Repentance is not an end in itself. Repentance is a right turn toward reconciliation. It is a re-turning toward the source of our life and our salvation, Almighty God, who is revealed to us in the eternal life, the death and resurrection of Jesus Christ.

Lent is a time to remember our need for penitence, for lament, for the rending of hearts and the tending of wounds. And it is a time to remember God’s mercy, which is ever-present and unfailing. In Lent, we bury alleluia [the word of ululating praise] beneath our tongues, yet even in dust and ashes it is our song, tuning in to Christ’s love, our hope, the truth of God’s undying mercy.

We recognize in the dust and ashes of this Wednesday, struggling toward spring, the end of all mortal things, the futility of our little battles, our wasted breath, dust and ashes. We recognize Lent as a season of dust and ashes, of self-examination, confession, and penitence. We tend to remember less Lent’s roots in renewal, restoration, reconciliation.

But as we are invited to come forward to receive ashes as signs of our repentance and our need for God’s rescue, we are reminded that from the early days of the Church:

This season of Lent provided a time in which converts to the faith were prepared for Holy Baptism [the Sacrament of a new life in Christ].  It was also a time when those who, because of notorious sins, had been separated from the body of the faithful were reconciled by penitence and forgiveness, and restored to the fellowship of the Church. (Book of Common Prayer, 265)

It was a time of preparation not for death, but for newness of life, for restoration and reconciliation. Even in Lent, we serve a Resurrected Christ; our hope lies not in the tomb, where mortality crumbles, but in the promise of a life with God that cannot be contradicted even by death.
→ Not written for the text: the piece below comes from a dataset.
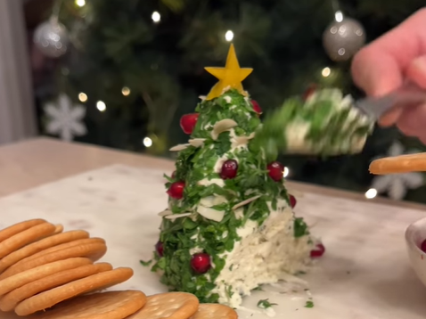 Припрема: У пластичној фолији обликујте крем сир у облику купе како би подсећало н ајелку, а затим га обложите насецканим першуном. Око јелке поређајте листиће бадема, и зрна нара, а од жуте паприке направите малу звезду за врх. Можете служити уз слане крекере, или сухомеснате производе, као пређело.
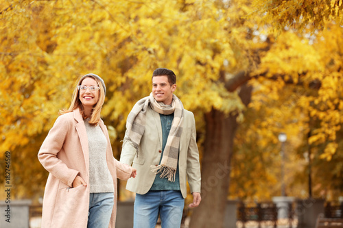 Young couple walking in park on autumn day

“Be reconciled to God,” Paul urges (2 Corinthians 5:20). “Return to the Lord your God, who is gracious and merciful,” Joel encourages, even in the midst of trouble, and prophecies of trouble to come (Joel 2:13). “Your Father sees you in secret,” Jesus tells us (Matthew 6:4,6,18).

God knows the secrets of our hearts, our bones, our lives, our closets, our hunger, our hypocrisy. God knows the secret of our basest fear: that the dust from which we were made will one day consume us. God knows not only the sins that we have committed but the sin that surrounds us and suffocates us, and the sins committed against us. God knows the dust that we carry on our feet, the dust that we are afraid to kick up, to disturb. God knows the secrets of our broken and bruised hearts, and of the hearts we have broken and abused. God knows.

We are dust, and to dust we shall return; but who made us out of dust and breathed life into us, and who counts the very particles of creation?

When Jesus encourages us to go into a closed and quiet room to pray, Jesus knows that we have memories that we find hard to reconcile to our image of ourselves, of our lives, of how the world should be; memories of our own making and memories of our own breaking.

Lent is an invitation to risk being honest with God, with ourselves, and with one another as a means to reconciliation.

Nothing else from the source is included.